O aumento do valor também foi impulsionado por aumentos no preço do açúcar relacionados com o clima, o que realça o "duplo golpe" ambiental que enfrentam não só os chocolatiers, mas também outros tipos de produtores que utilizam múltiplos fatores de produção sensíveis ao ambiente".
Os preços do chocolate aumentaram 43% nos últimos três anos, de acordo com uma análise recente do grupo de reflexão ecológica Energy and Climate Intelligence Unit (ECIU), sendo a "chocflação" evidente nas prateleiras dos supermercados.

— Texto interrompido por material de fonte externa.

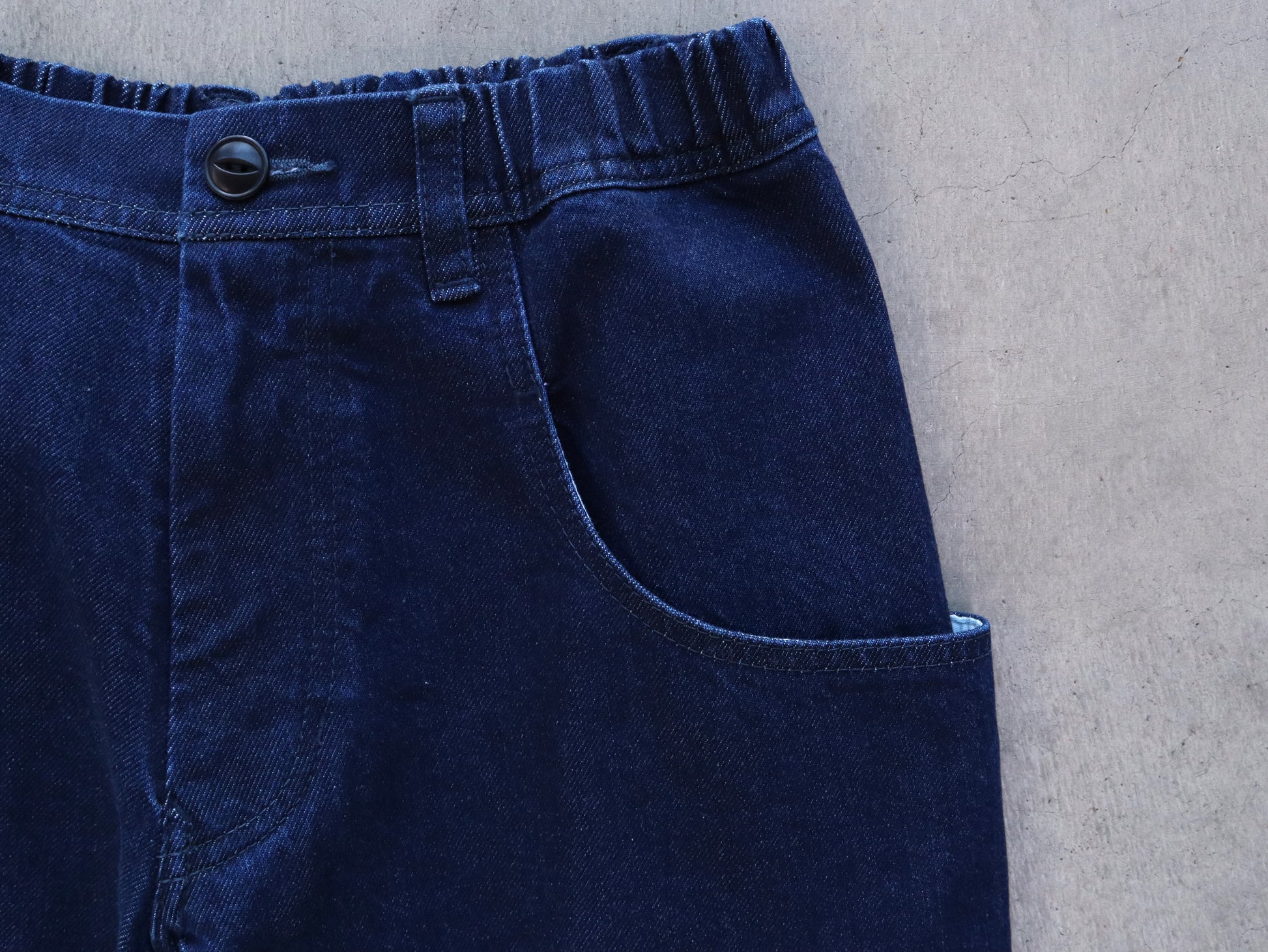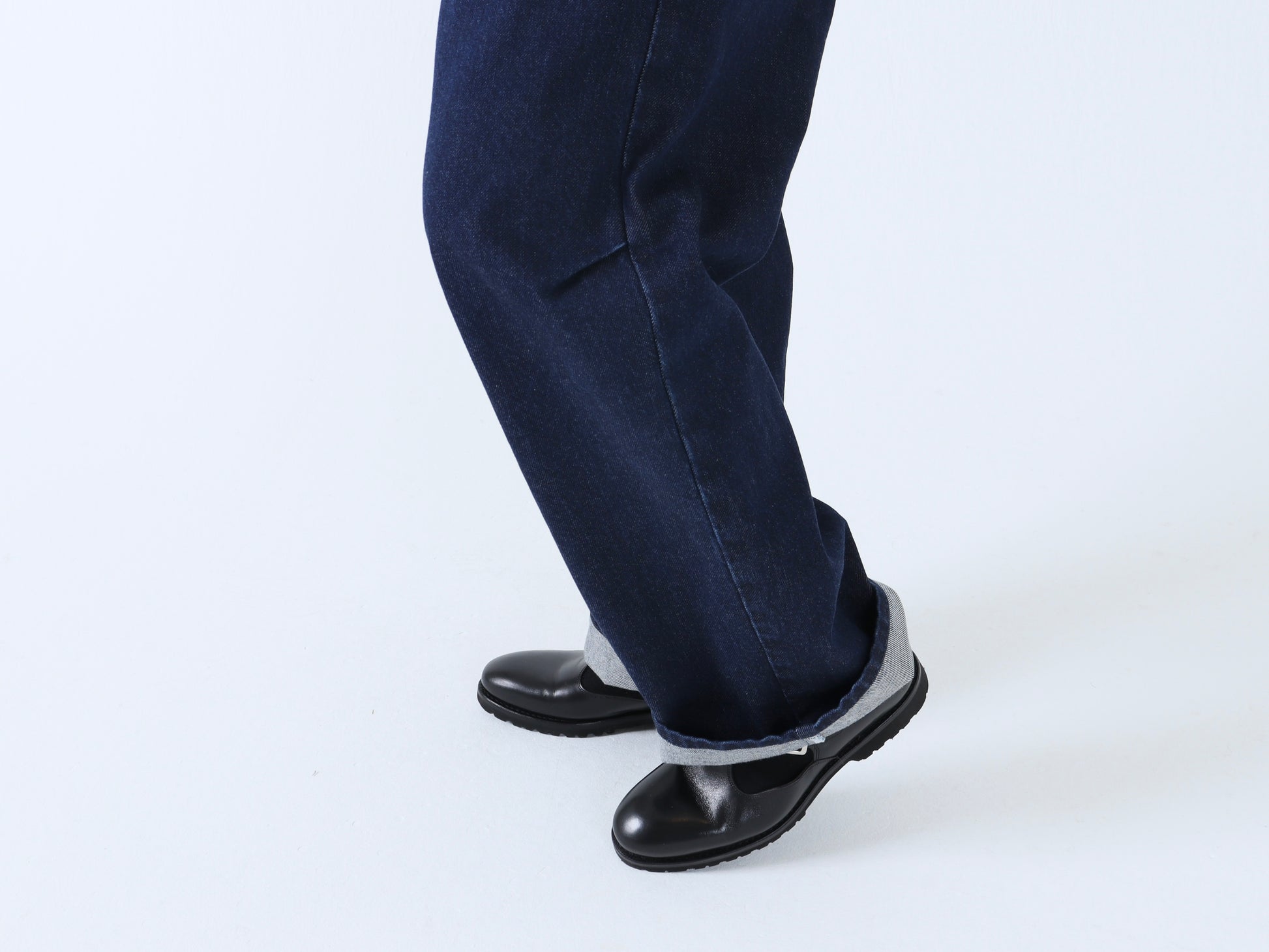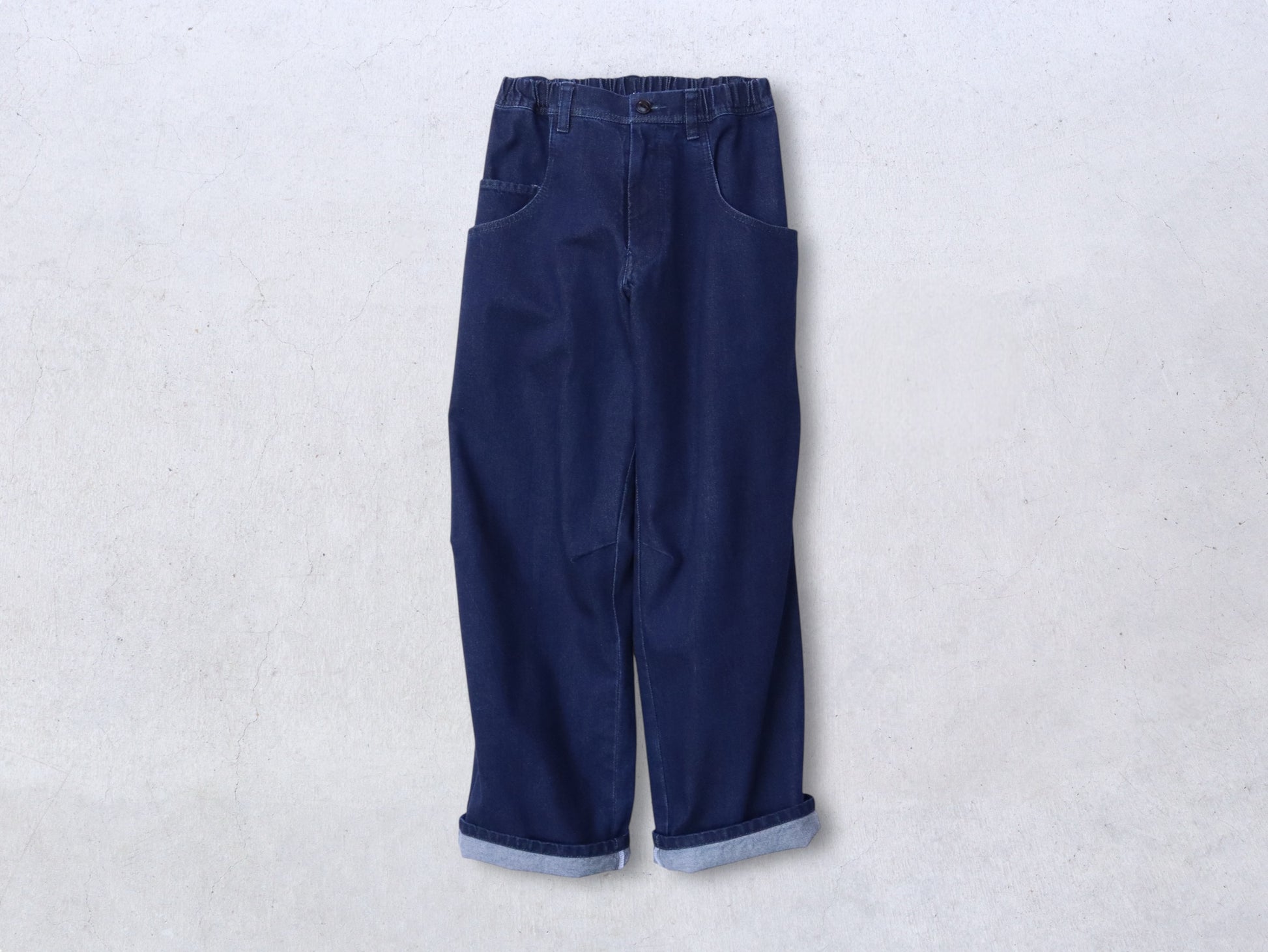 タテ糸に使用しているピマコットンの糸をインディゴ染めし、生地にした後、バイオ加工を施しています。バイオ加工によって生地が柔らかく馴染み、快適な着用感に仕上がります。また、着用を重ねることでヴィンテージ感のある独特な色落ちが生まれ、経年変化が楽しめます。

Como a perda de biodiversidade agrava os impactos climáticos
Embora estudos anteriores tenham avaliado a vulnerabilidade climática das importações de alimentos, a nova investigação destaca-se pelo seu enfoque na perda de biodiversidade e na forma como estes dois factores ambientais interagem.
"Os impactos climáticos são agravados pelo declínio da biodiversidade, que deixa as explorações agrícolas e os ecossistemas circundantes muito menos resistentes ao clima e a outros choques", explica Hyslop.
"Não só as explorações agrícolas com menor biodiversidade são menos resistentes às doenças das culturas, como estas doenças surgem frequentemente devido à diminuição da biodiversidade."
Para além disso, os rendimentos são reduzidos pelo abate de vegetação nativa, o que pode alterar os microclimas locais. Por outro lado, práticas como a monocultura - em que uma cultura como o trigo é cultivada exclusivamente - esgotam o solo de que depende a produção alimentar.
Impactos climáticos europeus estão a tornar a UE mais dependente das importações
Uma resposta a esta insegurança crescente nas cadeias de abastecimento da Europa é produzir mais alimentos no continente.
Mas, argumenta Mark Workman, diretor da Foresight Transitions e coautor do relatório, esta "reorientação" seria, por si só, uma resposta totalmente insuficiente.
"A UE não só teria dificuldade em cultivar alguns destes produtos em grandes quantidades, como também enfrenta as suas próprias ameaças climáticas e de biodiversidade, para não falar das implicações desagradáveis para a utilização dos solos de uma reorientação significativa da produção alimentar."
Hyslop sublinha também a natureza global da crise climática. Enquanto o aumento da precipitação em 2024 deixou o cacau a apodrecer na África Ocidental, escreve, as inundações no Reino Unido e em França diminuíram a produção de trigo e as temperaturas elevadas na Europa de Leste perturbaram as culturas de milho, tornando as importações cruciais para a segurança alimentar.
"Por conseguinte, é do interesse dos decisores políticos da UE investir seriamente na resistência climática dos produtores parceiros, bem como nas infraestruturas comerciais ultramarinas, como os portos que apoiam este comércio e que também estão sujeitos a tensões ambientais", acrescenta Workman.
"Esta é uma mensagem importante a transmitir numa altura em que os orçamentos da ajuda externa são frequentemente confrontados com investimentos em defesa e segurança - mas a verdade é que são duas faces da mesma moeda."
As recomendações políticas apresentadas no relatório incluem medidas de apoio aos pequenos agricultores, que fornecem a maior parte do cacau à UE. E, "a mais óbvia", políticas fortes de mitigação do clima, que terão benefícios positivos para todos os países fornecedores.